What the exercise asks:
What is needed is an exact copy of the lines from the line holding "Histology of untreated" through the end of the material, with no other lines and no pictures.
[Opening Given material section]
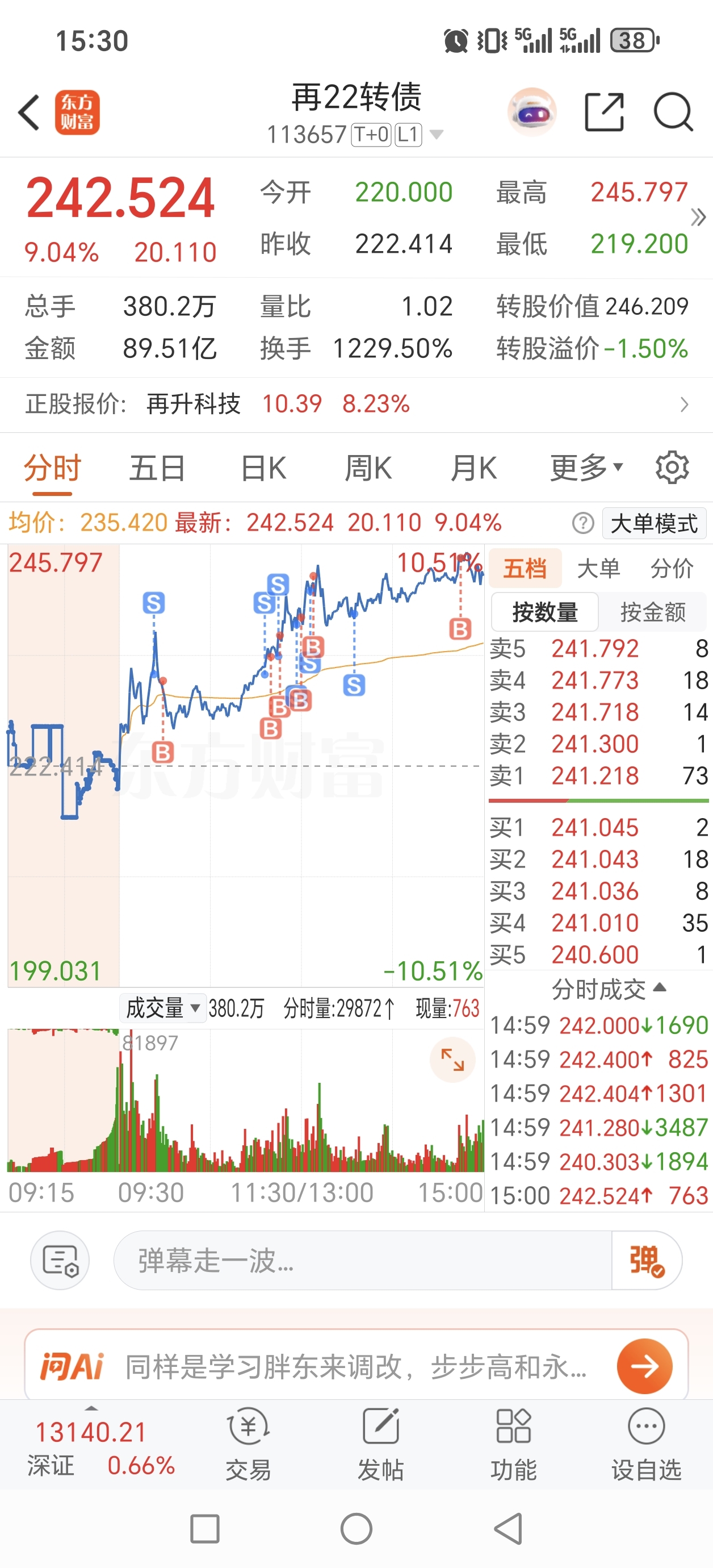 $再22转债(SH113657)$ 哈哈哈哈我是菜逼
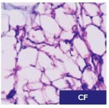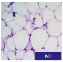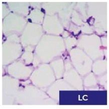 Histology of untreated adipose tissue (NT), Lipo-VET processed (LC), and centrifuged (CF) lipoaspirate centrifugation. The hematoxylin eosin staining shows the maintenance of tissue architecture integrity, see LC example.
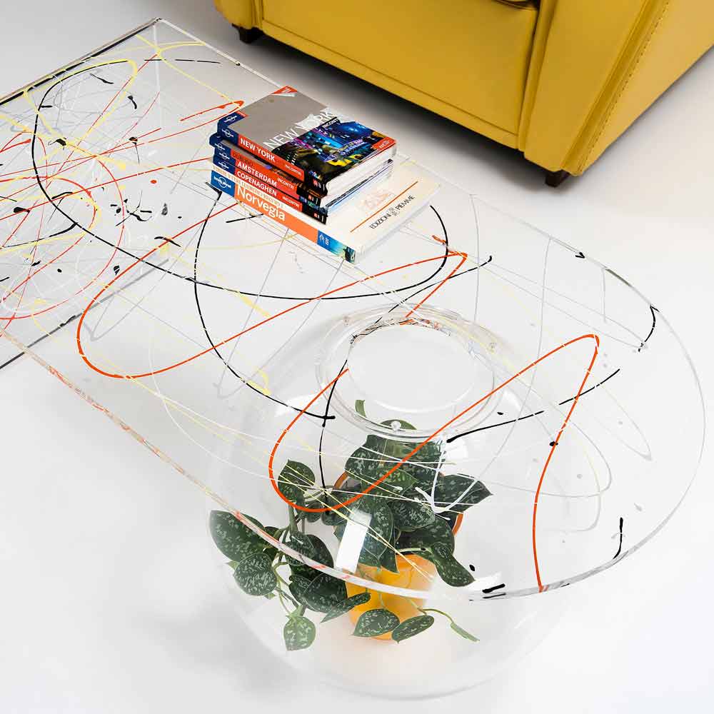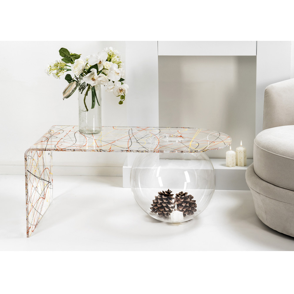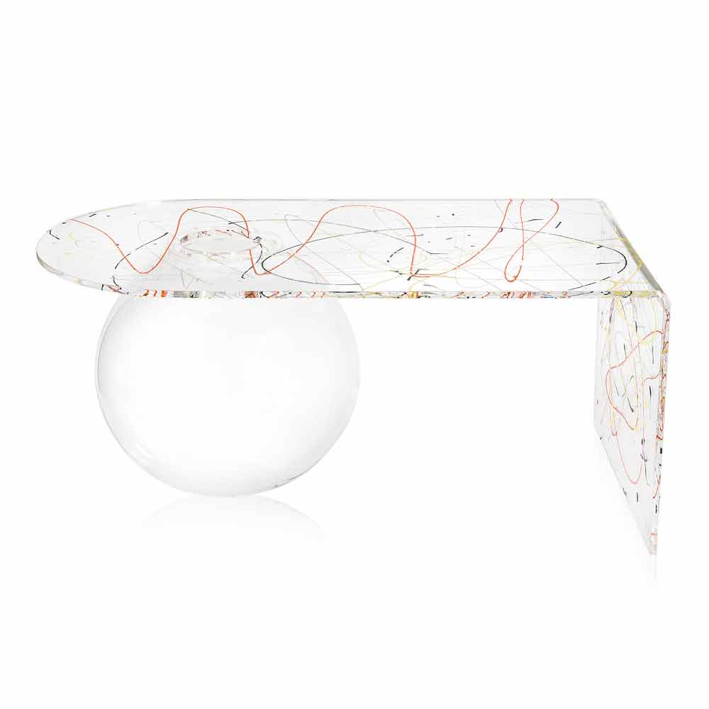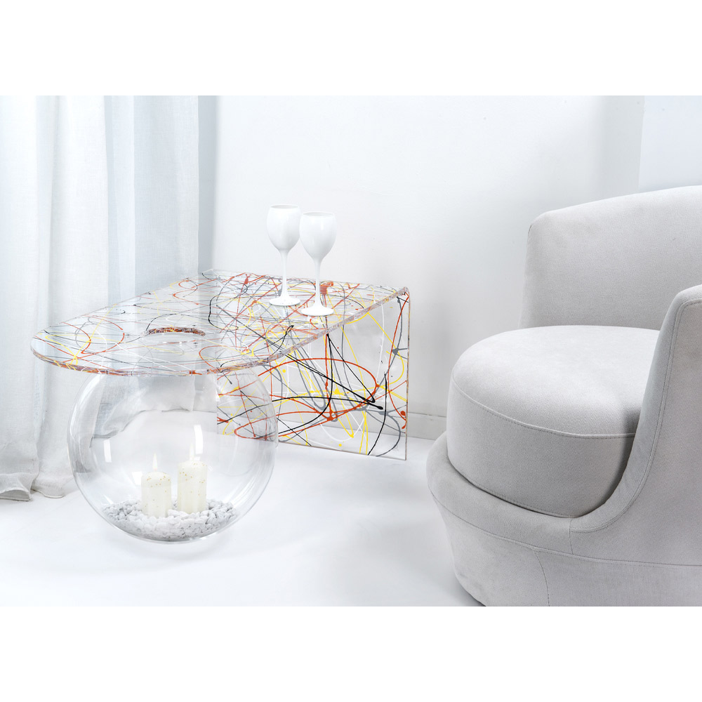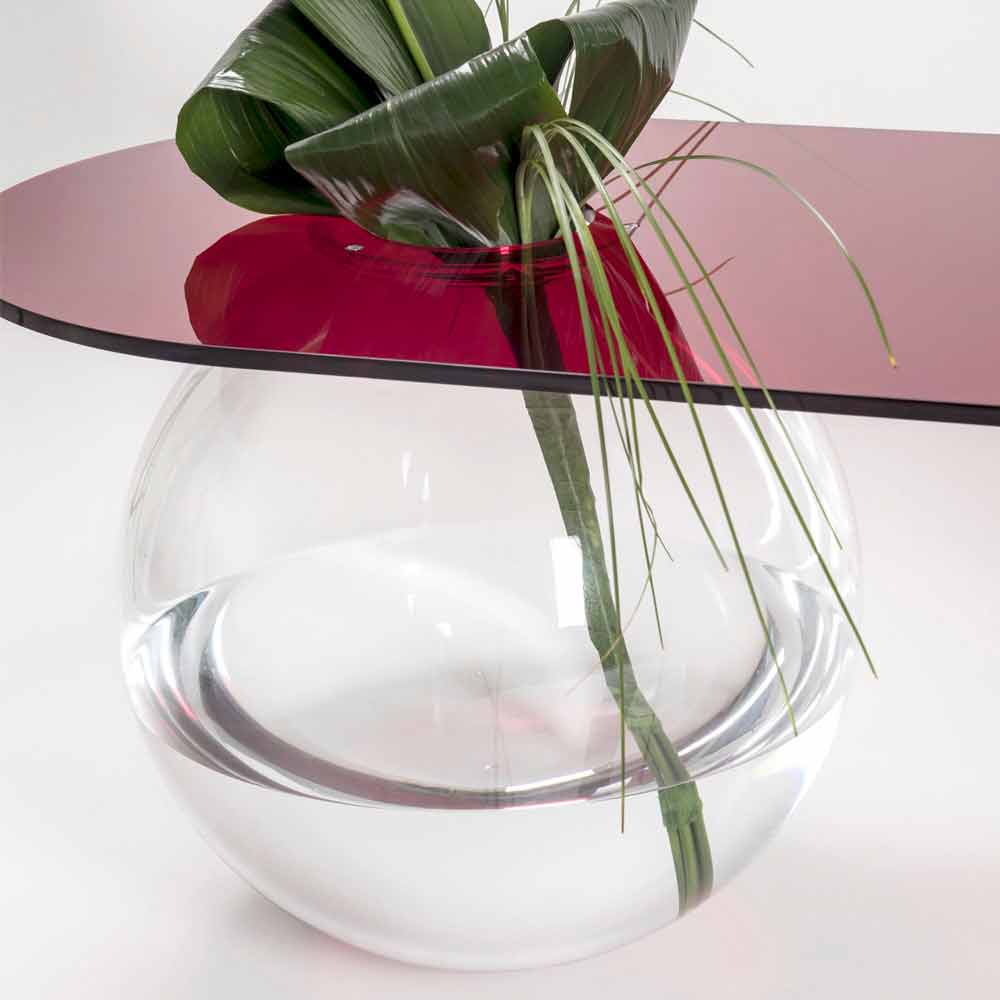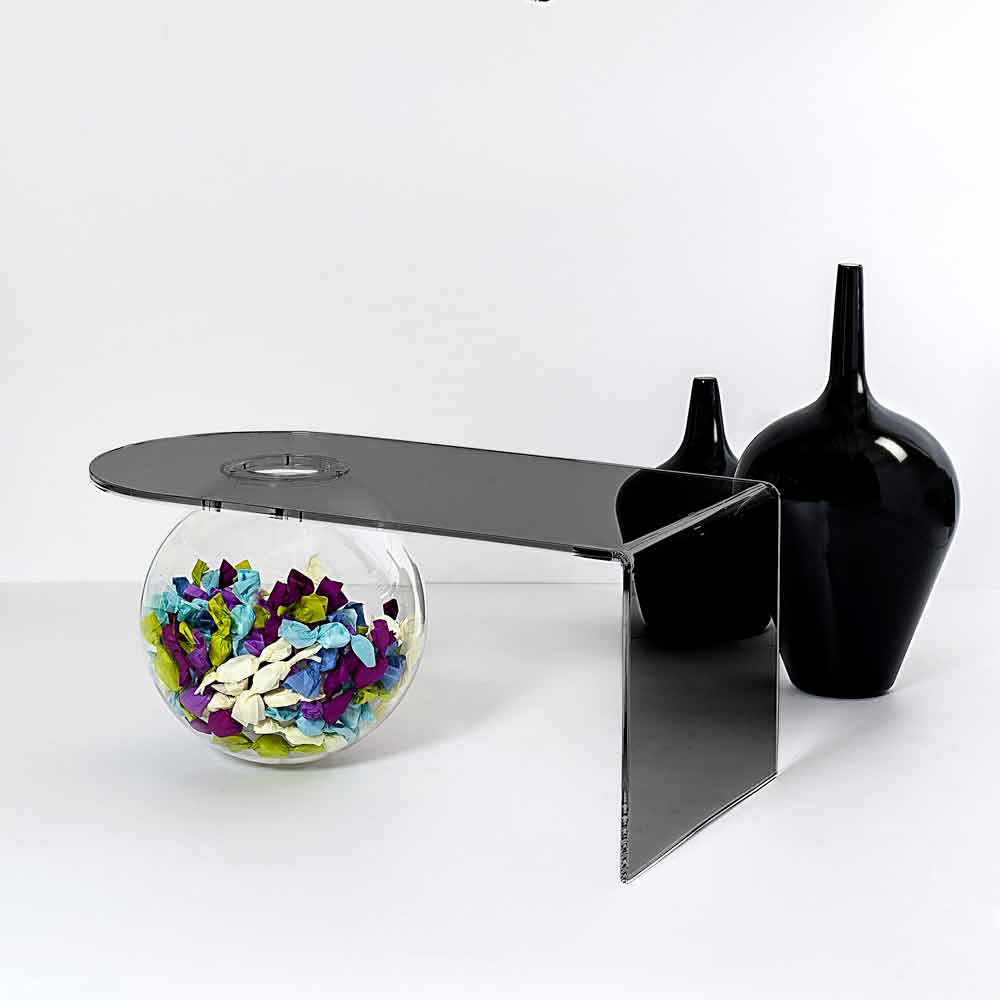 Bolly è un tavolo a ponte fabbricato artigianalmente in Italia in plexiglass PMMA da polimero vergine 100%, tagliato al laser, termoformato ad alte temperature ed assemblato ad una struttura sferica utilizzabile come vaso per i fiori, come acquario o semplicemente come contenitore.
[Closing Given material section]
Answer to this exercise:
 Histology of untreated adipose tissue (NT), Lipo-VET processed (LC), and centrifuged (CF) lipoaspirate centrifugation. The hematoxylin eosin staining shows the maintenance of tissue architecture integrity, see LC example.
 Bolly è un tavolo a ponte fabbricato artigianalmente in Italia in plexiglass PMMA da polimero vergine 100%, tagliato al laser, termoformato ad alte temperature ed assemblato ad una struttura sferica utilizzabile come vaso per i fiori, come acquario o semplicemente come contenitore.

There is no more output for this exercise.